Na zjeździe wybrano też delegację składającą się z osób świeckich, która miała wręczyć memoriał ministrowi wyznań, prezydentowi, marszałkom obu izb parlamentu. W skład delegacji weszli: Aleksander Roczniak z Zamościa, pochodzący z Tyszowiec b. poseł ukraiński Szymon Lubarski, były senator ukraiński Jan Pasternak z Choroszczynki, Szymon Waszczuk, Jakub Bożyk, Rabczuk, Dymitr Byk.

O ile ludność rzadko występowała w obronie burzonej cerkwi, to nigdy nie zaniedbywała żadnej drogi formalnej i legalnej.
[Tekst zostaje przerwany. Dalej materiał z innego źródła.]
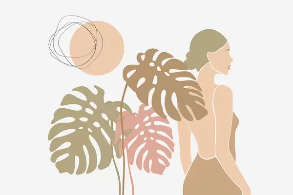 Fototapety Silueta ženy v blízkosti tropických listov Nr. w05192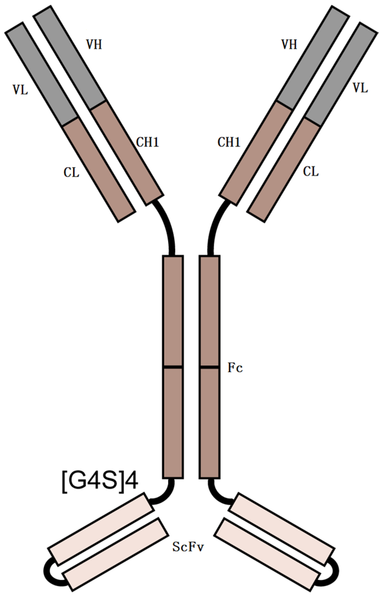 Figure 1. Schematic representation of BsAb. Linker = (G4S)4.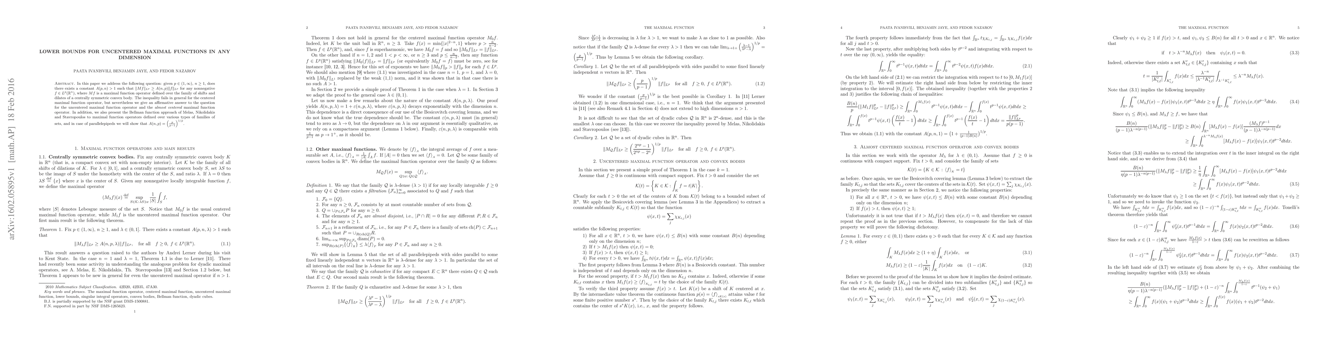 In this paper we address the following question: given $ p\in (1,\infty)$, $n \geq 1$, does there exists a constant $A(p,n)>1$ such that $\| M f\|_{L^{p}}\geq A(n,p) \| f\|_{L^{p}}$ for any nonnegative $f \in L^{p}(\mathbb{R}^{n})$, where $Mf$ is a maximal function operator defined over the family of shifts and dilates of a centrally symmetric convex body. The inequality fails in general for the centered maximal function operator, but nevertheless we give an affirmative answer to the question for the uncentered maximal function operator and the almost centered maximal function operator. In addition, we also present the Bellman function approach of Melas, Nikolidakis and Stavropoulos to maximal function operators defined over various types of families of sets, and in case of parallelepipeds we will show that $A(n,p)=\left(\frac{p}{p-1}\right)^{1/p}$.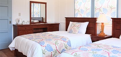 お部屋はハワイアンな枕カバーやベッドカバーのセミダブルのベッド、広々としたテラスから眺める事が出来る小笠原の山や海はゆったりと流れる小笠原ライフには欠かせないアイテムです。

Poszczególne gminy składały memoriały do Rady Ministrów, a delegacja zagrożonych powiatów na początku lipca złożyła memoriał na ręce prezydenta, premiera oraz marszałków obu izb parlamentu.
Prof. Mirosława Papierzyńska-Turek


6 lipca metropolita Dionizy wysłał telegram do premiera Felicjana Sławoja Składkowskiego i marszałka Edwarda Rydza-Śmigłego, w którym pisał: Ze względu na rozwalanie domów Bożych wierni prawosławni znajdują się w rozpaczy i wielkiej goryczy. W imię sprawiedliwości i miłości chrześcijańskiej gorąco błagam o polecenie wstrzymania rozbiórki domów Bożych.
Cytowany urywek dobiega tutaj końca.